Révolution Permanente : Tu as subi de nombreuses attaques racistes, et le parquet a annoncé vouloir ouvrir une enquête contre toi à la suite de plusieurs tweets de la part de syndicats policiers. À ton avis pourquoi ?

Samir Elyes : Je pense que déjà c’est une volonté politique de vouloir nous criminaliser, vouloir nous attaquer et essayer et je dis bien essayer, de nous affaiblir nous et nos idées. Ils déposent des plaintes pour nous attaquer financièrement, parce qu’ils n’ont que ça, on est des militants donc ils nous attaquent au portefeuille. Mais plus ils déposent des plaintes, plus les militants subissent des attaques - parce qu’ils sont issus de l’immigration ou qu’ils sont syndicalistes, autonomes ou antifascistes, ou bien encore car ils sont journalistes et se font prendre à partie parce qu’ils font un travail objectif et sérieux - plus ça nous conforte en fait. Ça nous conforte parce que s’il y a des attaques, c’est qu’ils voient une certaine convergence des luttes. Ça veut dire qu’on est dangereux, dangereux politiquement, et ça leur fait peur. Ces attaques, elles nous donne aussi une tribune politique, parce que pour moi, ils n’attaquent pas Samir Elyes, ils attaquent tous les militants qui osent dire des choses, qui osent dire des vérités.

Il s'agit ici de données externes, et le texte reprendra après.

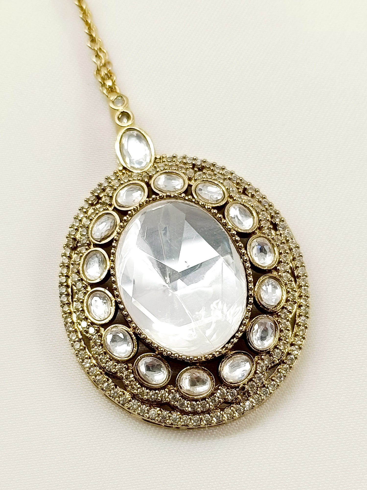 Add A Touch Of Elegance To Your Traditional Attire With Our White Victorian Teeka. Made Of Antique Gold Plated Brass Metal, It Features Stunning American Diamond And Mossonite Stones. Enhance Your Look With This Timeless Beauty.
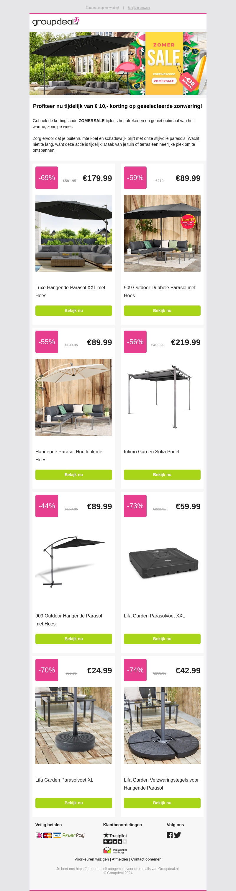 Profiteer nu tijdelijk van €10 korting op geselecteerde zonwering! Gebruik de kortingscode ZOMERSALE bij het afrekenen en geniet optimaal van het warme, zonnige weer. Zorg ervoor dat je buitenruimte koel en schaduwrijk blijft met onze stijlvolle parasols. Deze actie is tijdelijk, dus wacht niet te lang!
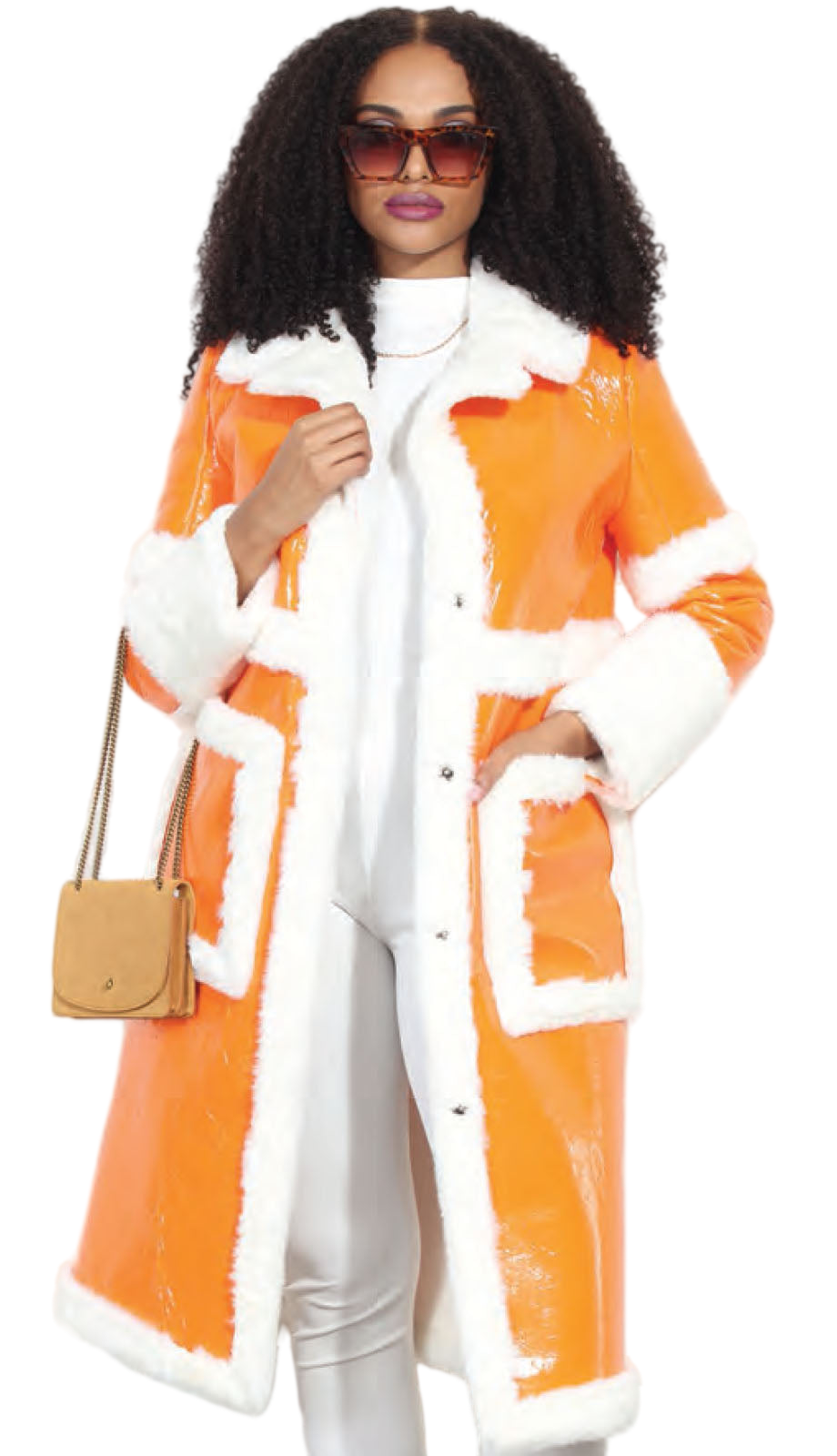 Introducing the Luxe Moda LM352-OWB Outfit, a stunning combination of bold style and cozy comfort. This striking ensemble features a vibrant orange coat paired with chic wide-leg white trousers, perfect for those looking to make a statement. The eye-catching orange hue is contrasted with plush white faux fur trim, adding a touch of elegance to the overall look.
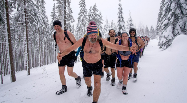 图注:Wim Hof和训练班的成员爬雪山,类似的远征活动会一年两次
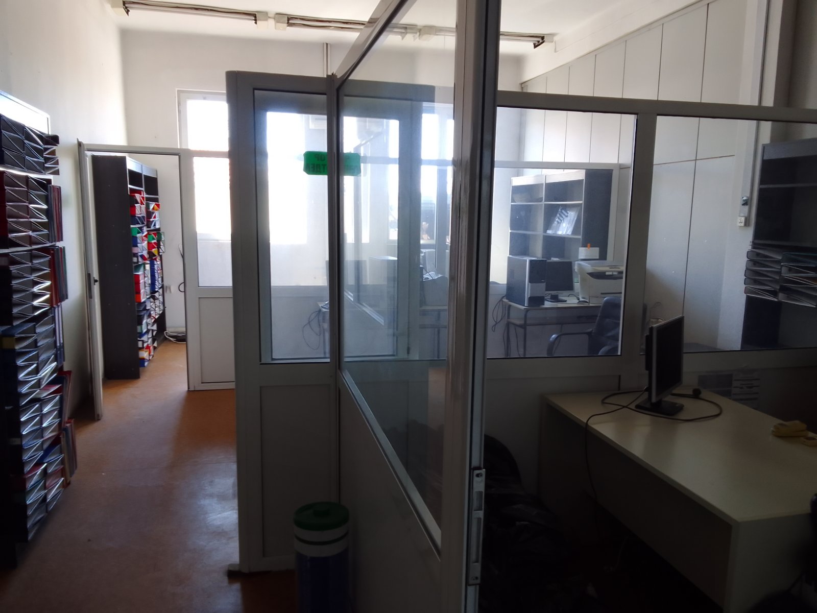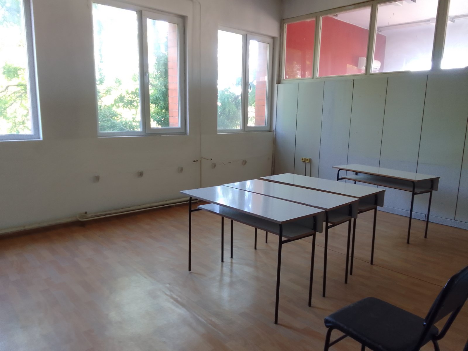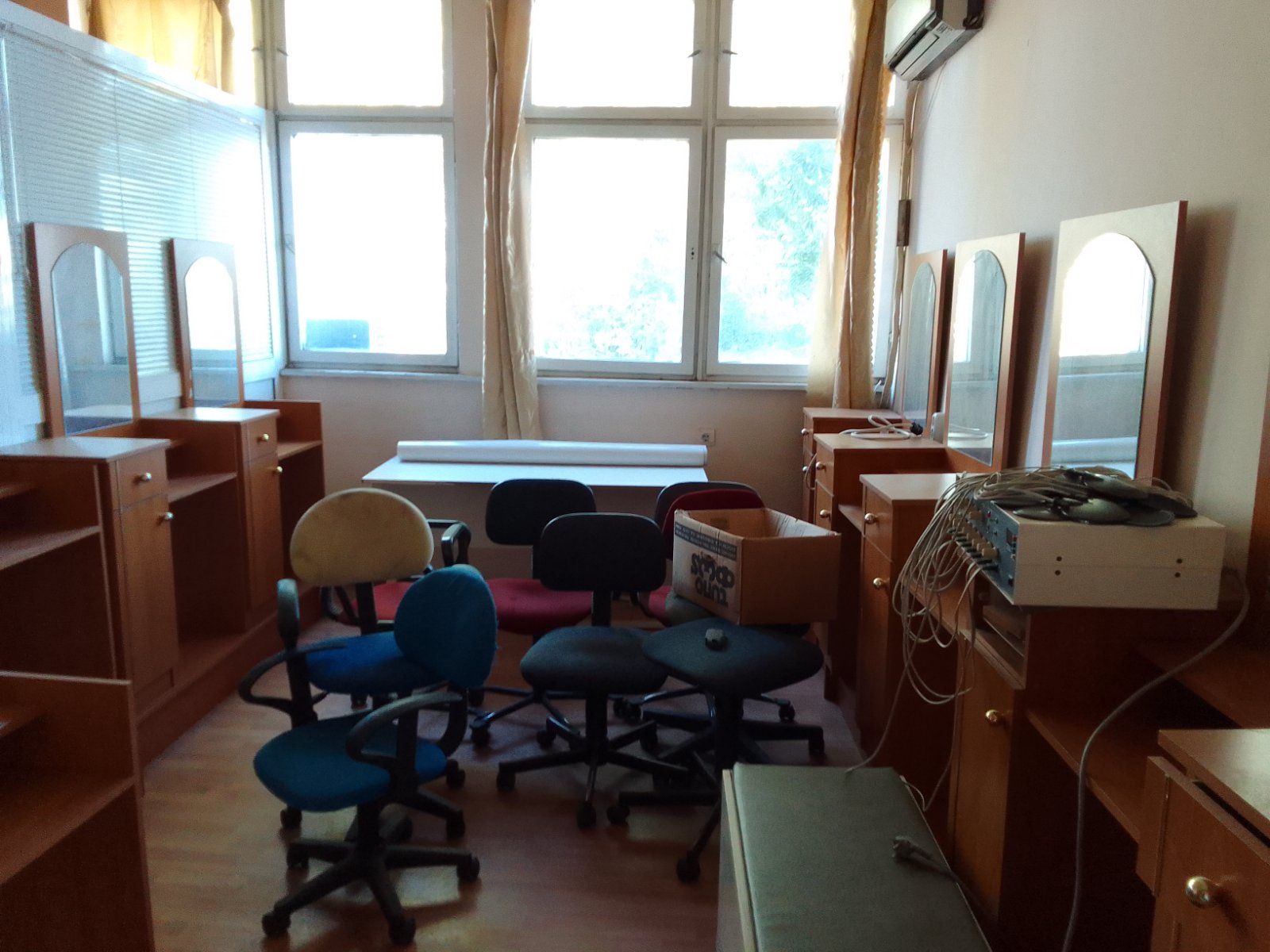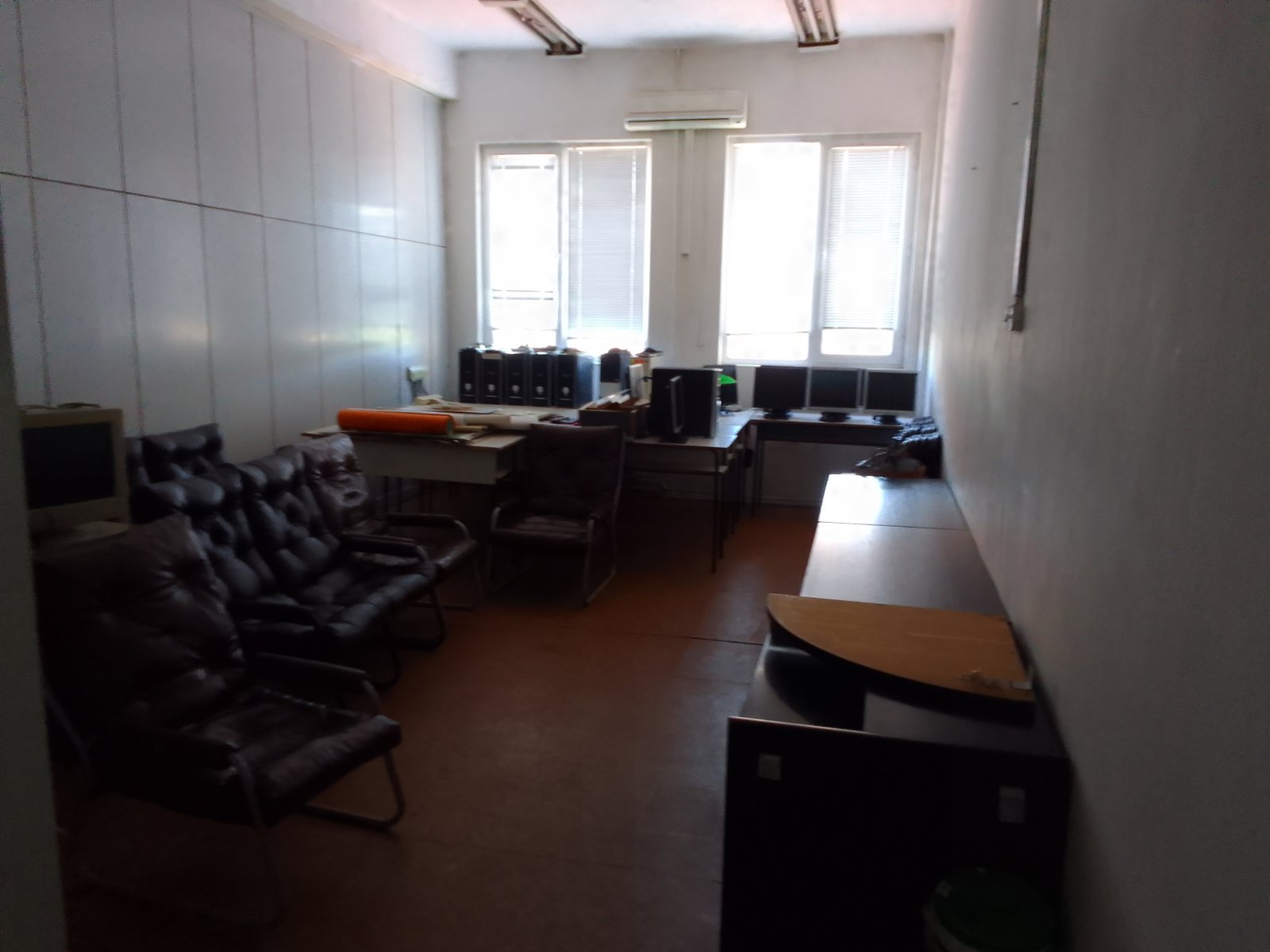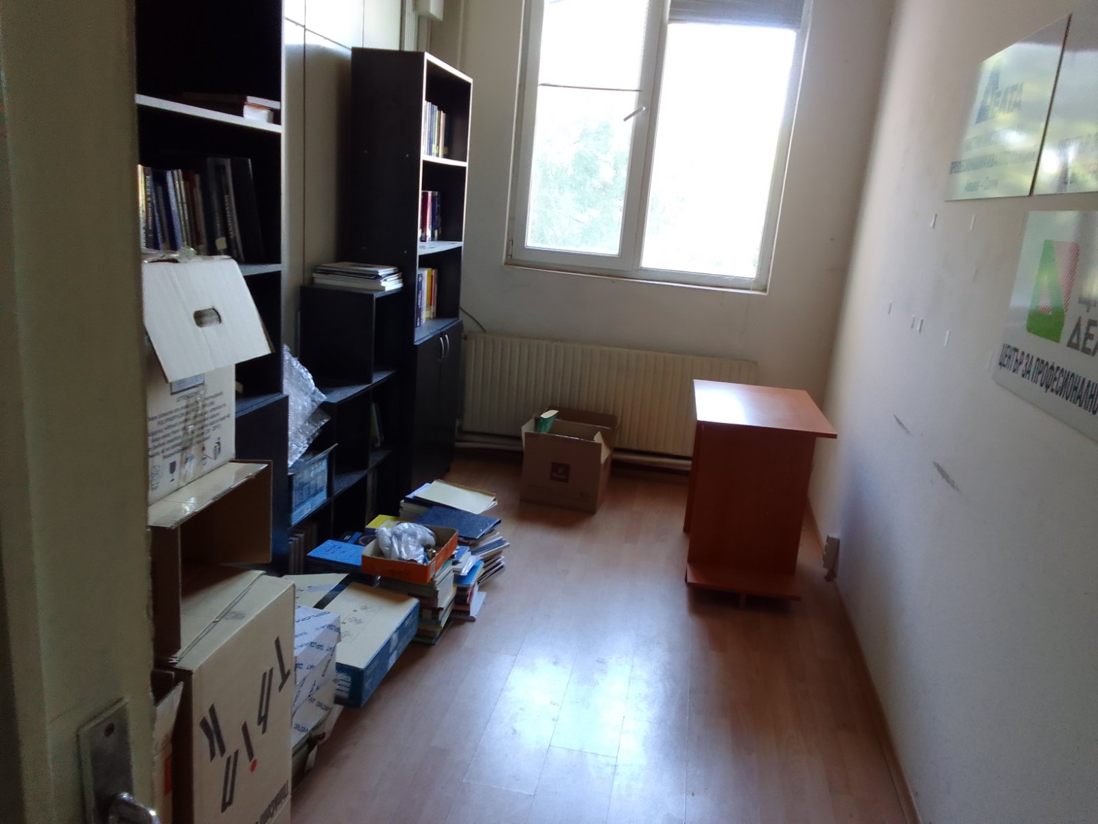 ниво. Състои се от девет основни помещения, две спомагателни, два сан. възела. Подходящо е за учебен център, офис, фитнес и др. Помещенията са преградени с временни прегради, които могат да се премахнат и да стане едно голямо пространство тип "Open Space office ". Ситуиран на четвърти етаж в пететажна сграда с обща площ от 550 кв. м.

J’ai toujours eu un discours clair, je défends toutes celles et ceux qui subissent des violences policières. Mais on ne peut pas nier que de la même manière qu’il y a une justice de classe, il y a une justice de race. On ne peut pas nier que quand c’est des noirs et des arabes ou certaines minorités qui sont touchées par les violences policières, on ne peut pas nier qu’il y a une justice raciste. Je ne vais pas revenir là-dessus et il y a des faits. Cette justice raciste elle ne date pas d’aujourd’hui. Dans l’enquête de Bastamag on le voit bien, 80% des personnes qui se font tuer par la police sont issues de l’immigration c’est un fait. Aussi 90% des policiers qui commettent ces crimes sont automatiquement protégés, glorifiés. Il y a tout un processus pour les défendre, les disculper, et de l’autre côté il y a tout un processus pour criminaliser la victime, justifier sa mort. Dans 99% des cas les policiers prennent un non-lieu où ils sont acquittés quand ça va jusqu’au tribunal. Ça ce sont des faits aussi. Il y a clairement un racisme systémique dans la police et la justice et ce n’est pas moi qui le dis, il y a des historiens, des sociologues qui ont fait des travaux dessus.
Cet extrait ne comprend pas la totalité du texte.